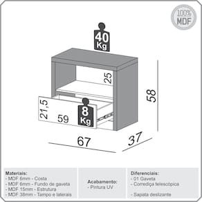 Estrutura em 100% MDF 15mm, tampo e laterais 38mm.
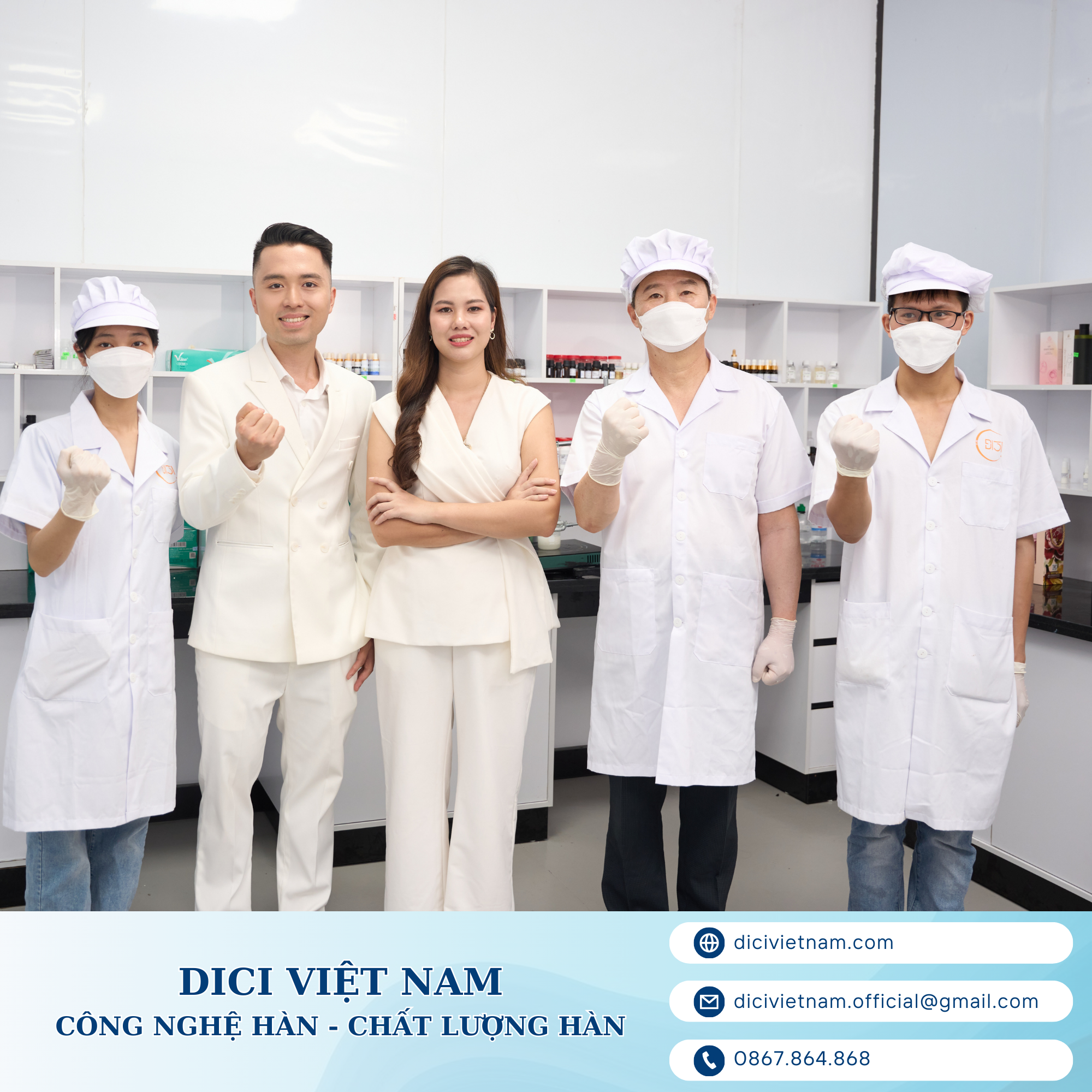 DICI Việt Nam tự hào là đơn vị gia công mỹ phẩm chất lượng cao với hơn 20 năm kinh nghiệm, sở hữu đội ngũ chuyên gia hàng đầu trong ngành và hệ thống dây chuyền sản xuất hiện đại. Chúng tôi cam kết mang lại những dịch vụ tư vấn đáng tin cậy và minh bạch, tạo ra các sản phẩm mỹ phẩm giá rẻ mà vẫn đảm bảo chất lượng vượt trội. Đối tác lựa chọn DICI Việt Nam có thể hoàn toàn yên tâm nhờ vào:
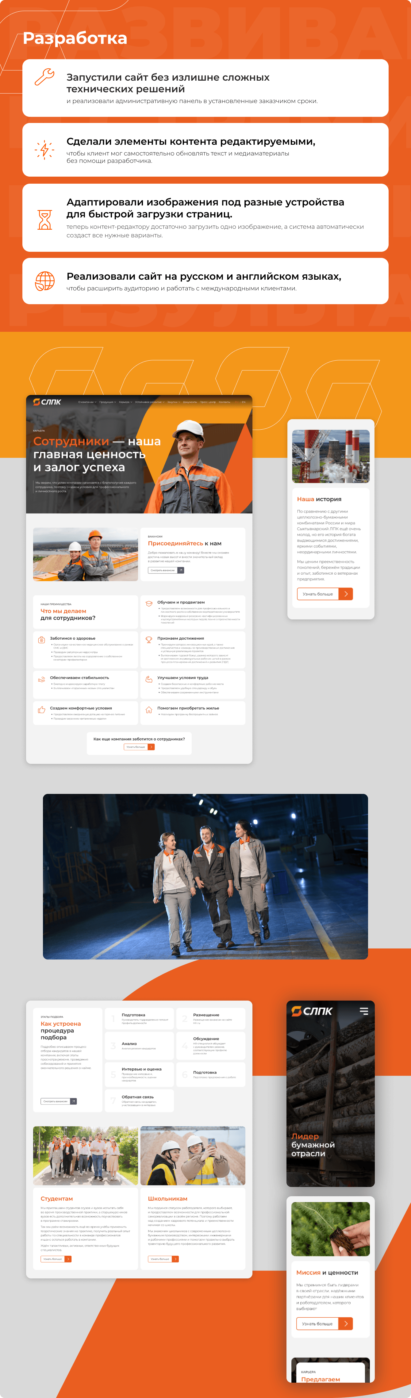 Команда «Иностудио» предложила решение «под ключ»: мы отвечали за дизайн, разработку, хостинг, администрирование и SEO. На время реализации мы создали временный сайт на Tilda с базовым функционалом, чтобы «СЛПК» оставался доступным для клиентов.
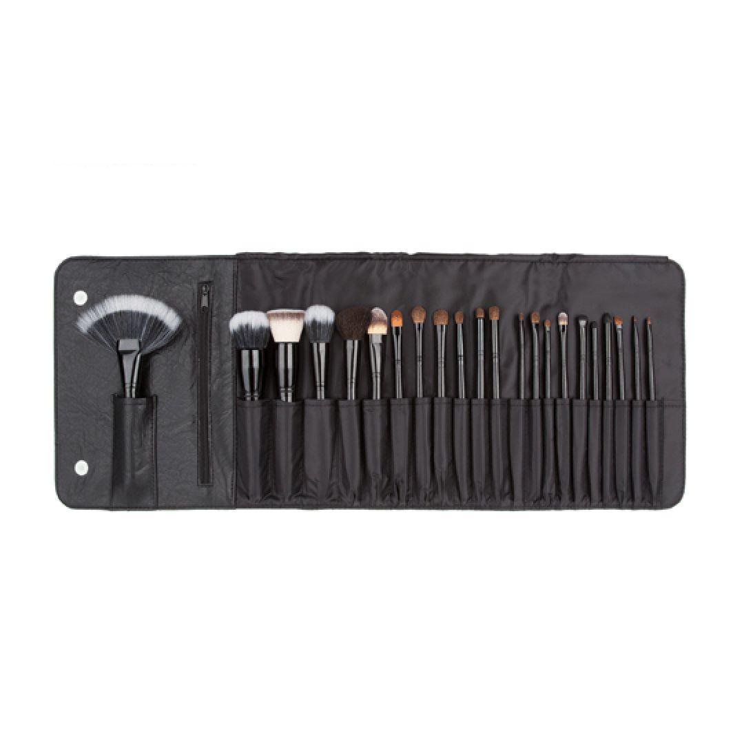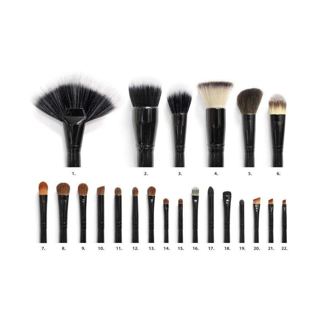 22 unique and assorted makeup brushes, and a leather case.
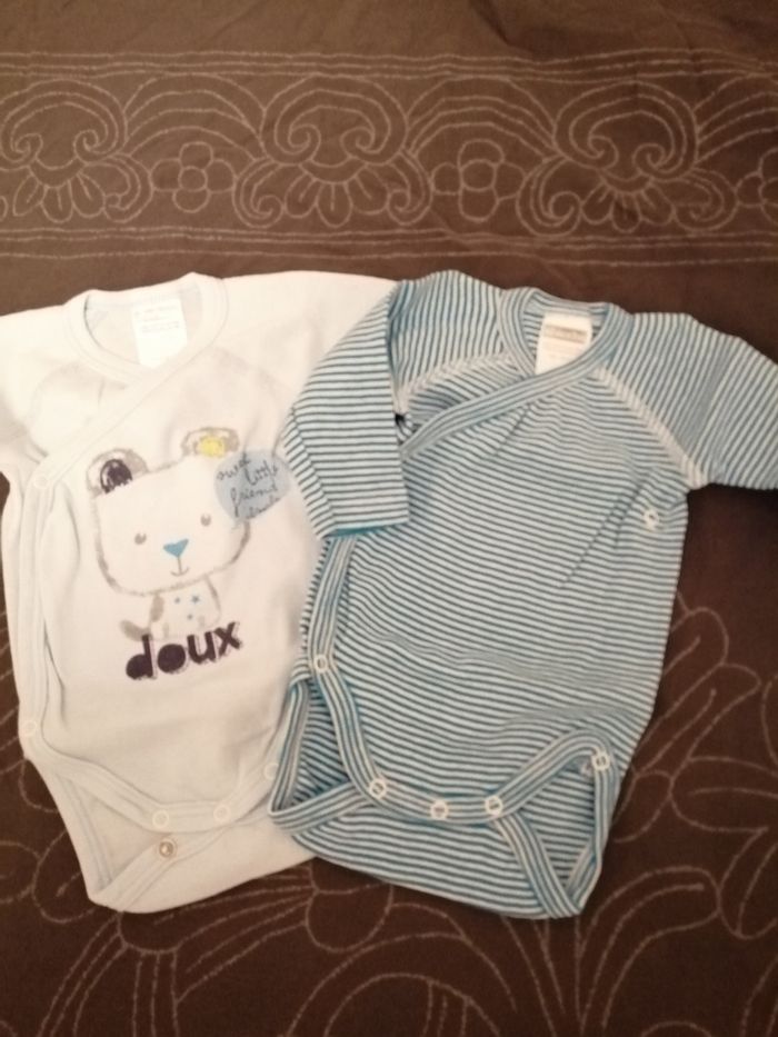 Body naissance absorba Très bon état 1 rayé bleu turquoise et blanc 1 bleu ciel avec un petit chien

- - -

What the exercise asks: Your answer must be an exact repeat of all the records, minus the pictures.

Solution to this exercise:
 Estrutura em 100% MDF 15mm, tampo e laterais 38mm.
 DICI Việt Nam tự hào là đơn vị gia công mỹ phẩm chất lượng cao với hơn 20 năm kinh nghiệm, sở hữu đội ngũ chuyên gia hàng đầu trong ngành và hệ thống dây chuyền sản xuất hiện đại. Chúng tôi cam kết mang lại những dịch vụ tư vấn đáng tin cậy và minh bạch, tạo ra các sản phẩm mỹ phẩm giá rẻ mà vẫn đảm bảo chất lượng vượt trội. Đối tác lựa chọn DICI Việt Nam có thể hoàn toàn yên tâm nhờ vào:
 Команда «Иностудио» предложила решение «под ключ»: мы отвечали за дизайн, разработку, хостинг, администрирование и SEO. На время реализации мы создали временный сайт на Tilda с базовым функционалом, чтобы «СЛПК» оставался доступным для клиентов.
 22 unique and assorted makeup brushes, and a leather case.
 Body naissance absorba Très bon état 1 rayé bleu turquoise et blanc 1 bleu ciel avec un petit chien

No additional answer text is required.